A major limitation of conventional techniques is poor time resolution. Current methods cannot detect changes within 4 hours due to the slow RNA decay rate in human cells (average 10 hour half-life). As a result, the causal order of events of faster cellular processes is obfuscated. This significantly complicates causal inference as models fail to distinguish primary and secondary effects.
Right now most companies are hoping that larger datasets and better models can solve this problem. At Hypergraph Bio, we generate datasets capable of quantifying RNA changes within 10 minutes, allowing us to distinguish primary and secondary effects using time. This dramatic improvement is achieved by tracking RNA synthesis rather than total RNA. See our manuscript.

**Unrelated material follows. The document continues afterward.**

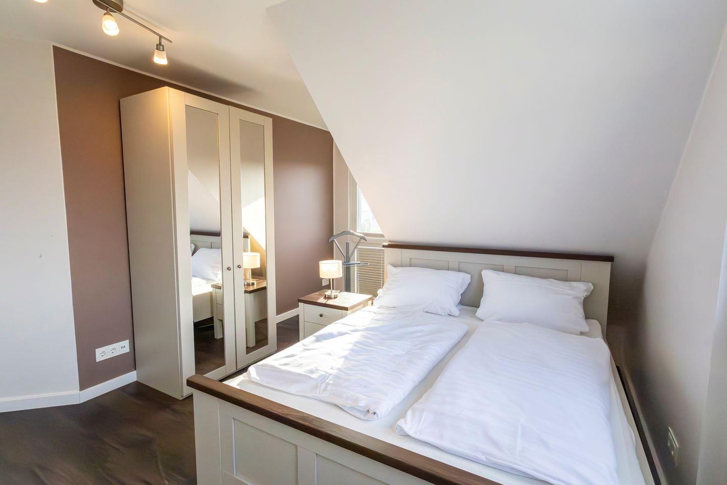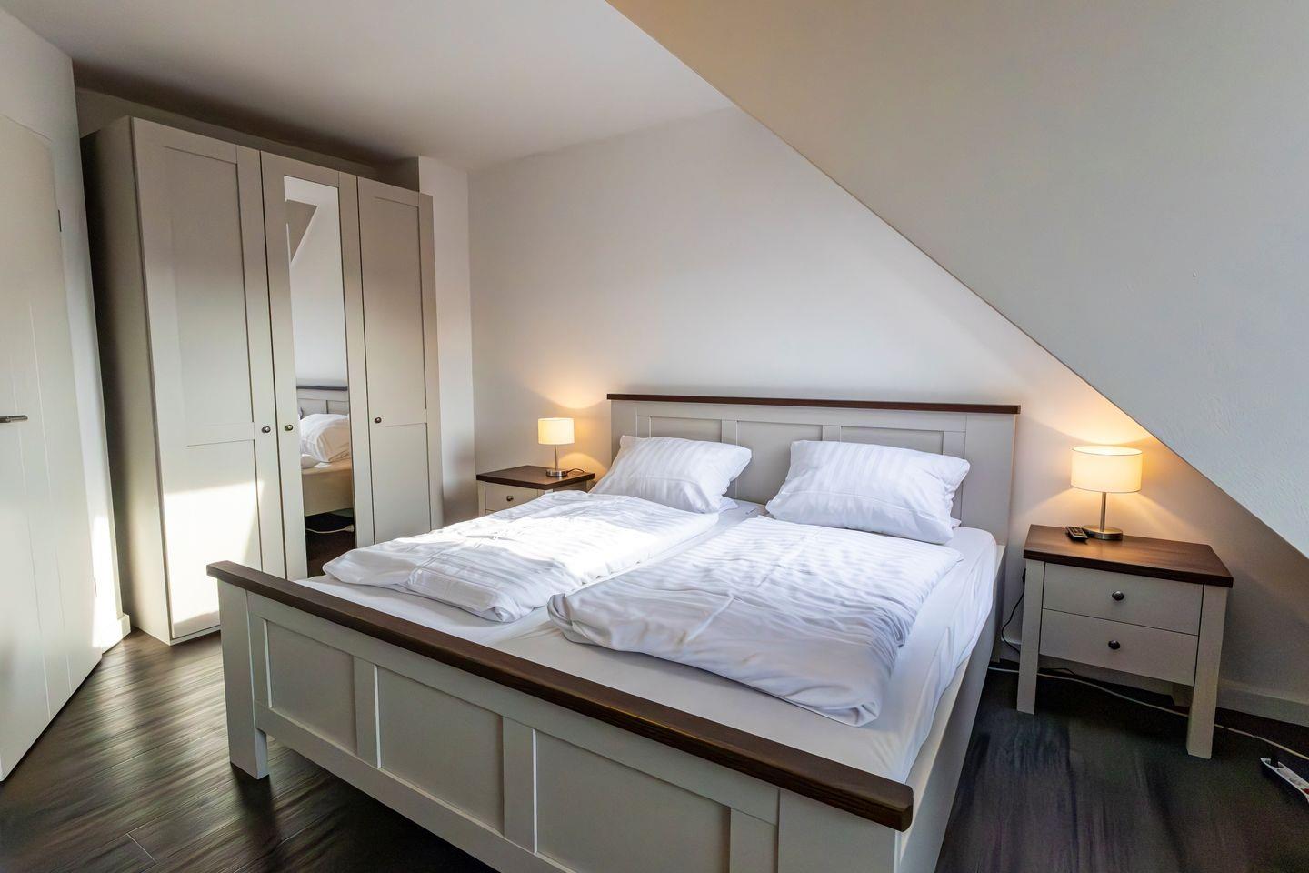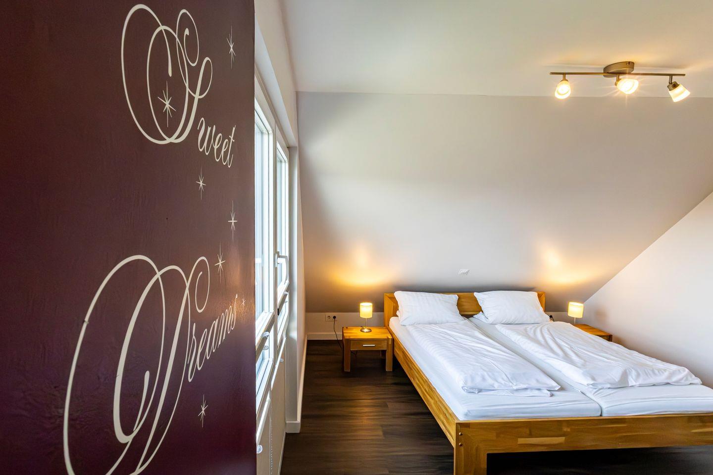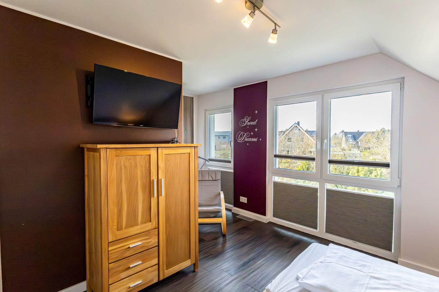 Dachgeschoss: ein Schlafzimmer mit Doppelbett (180x200cm- Einzelmatratzen) und TV

Inferring molecule networks from sequence
Theoretically, we know that genomes contain all the information necessary to clone an individual. So why can't we learn how to create digital clones, similar to how AlphaFold can predict protein structure from sequence? First, we have to understand how to "decompress" the genome into a data structure we can understand and compare across species. There are encouraging signs that this may, in fact, be possible: AlphaFold was recently used to predict all protein interactions. If similar efforts can resolve DNA and RNA interactions, we will finally have a complete first-draft map of all possible molecular interactions inferred directly from sequence. The final challenge will be parsing this map into specific cellular programs: not all proteins are in use at any given time, and different combinations can rewire interaction partners. From this perspective, it will be a key milestone to identify all molecular interactions from genome sequence on the path to building virtual cells.
Conclusion
Bioengineering is on the cusp of a golden age. Machine learning can dramatically accelerate progress by accurately simulating cells, organs or whole animals. Recent approaches create social networks of molecules to understand cause and effect without full atomic simulation. Once complete, these maps can be used to predict cell behavior, dramatically reducing the expense and labor required for biological research. Virtual cell models may soon supercharge bioengineering as radically as the development of personalized computers empowered software engineering.